Dr. Carlene Cornish: Because there could be cultural taboos, so there's complexity for the practise educator because sometimes their supervising students, who may have undiagnosed learning needs. But there's no reasonable adjustments. Yeah, made for them in that regard. So varies. The support varies and.
Dr. Anne Anka: Yeah.
So.
Dr. Carlene Cornish: And the other thing that we do need to acknowledge that there's a curriculum difference in of knowledge because.
Yes.
Dr. Carlene Cornish: Various students, international students.
Dr. Carlene Cornish: They have been trained in sometimes community work related modules like anthropology. Those are valuable kind of modules that can.
Dr. Carlene Cornish: Help complement the focus on the ecological approach. It's almost like we expect students to park that knowledge, but we need to integrate that knowledge because that foundational knowledge will enhance their assessment. The curriculum differences can create a great shock for our students, and that can delay their capacity to really.
Dr. Carlene Cornish: Reorientate their cognition and their knowledge of social practise.
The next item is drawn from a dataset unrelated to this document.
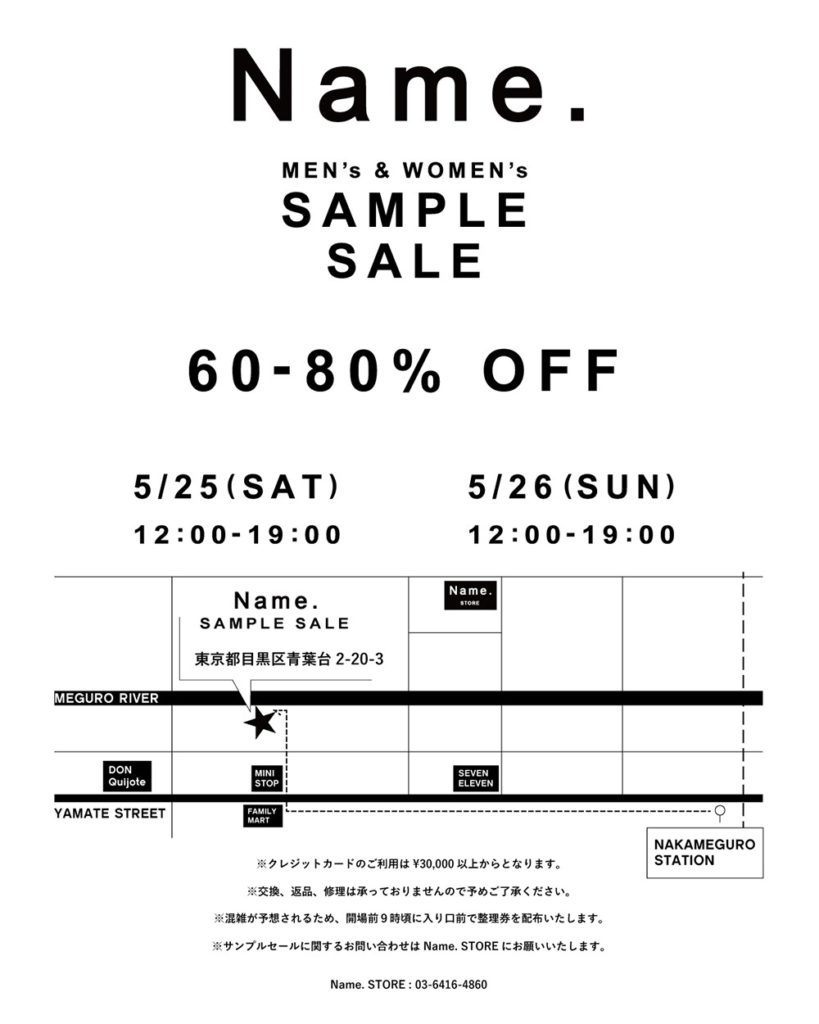 東京 招待状不要 Name.サンプルセール開催 5月25日(土)26日(日)

Dr. Anne Anka: I just want to mention something about differences in curriculum and differences, ways of teaching and their impact. So for example, my background, I've come from Ghana originally and and the way of teaching is different and the way of expectation of writing is also different. So in that context we read about a book by a professor.
Dr. Carlene Cornish: OK.
Dr. Anne Anka: You memorise that and then you write, and that's what knowledge, knowledge creation is all about.
Dr. Anne Anka: In UK context you read about something you critically reflect about that and then you write about that, challenging what you prefer to have said.
Dr. Anne Anka: Quick analysis.
Dr. Anne Anka: Might not be used to other people from coming from abroad, and that can cause someone to fail. So again, learning about the ways of teaching from other continent and in the ways of practising and then building on that knowledge is what I see about what decolonizing the curriculum means to me.
Zahra Farkane: I was just going to draw on what Doctor Cornish said, something about power imbalance about students being afraid to report any issues when it comes to placement and that is I think it's a key point in particularly in the context of international students, because I feel that the power imbalance in Internet with international students.
Zahra Farkane: Placement.
Zahra Farkane: It has got so many other layers. It's not only that I'm afraid, it's not for me, but I just give an example. It's not only that the student is afraid to fail the placement, but if they are in the UK on a visa, on a student visa, that's potentially a visa, they paid so much money for, there's a lot of help from their families. There's a lot of expectation.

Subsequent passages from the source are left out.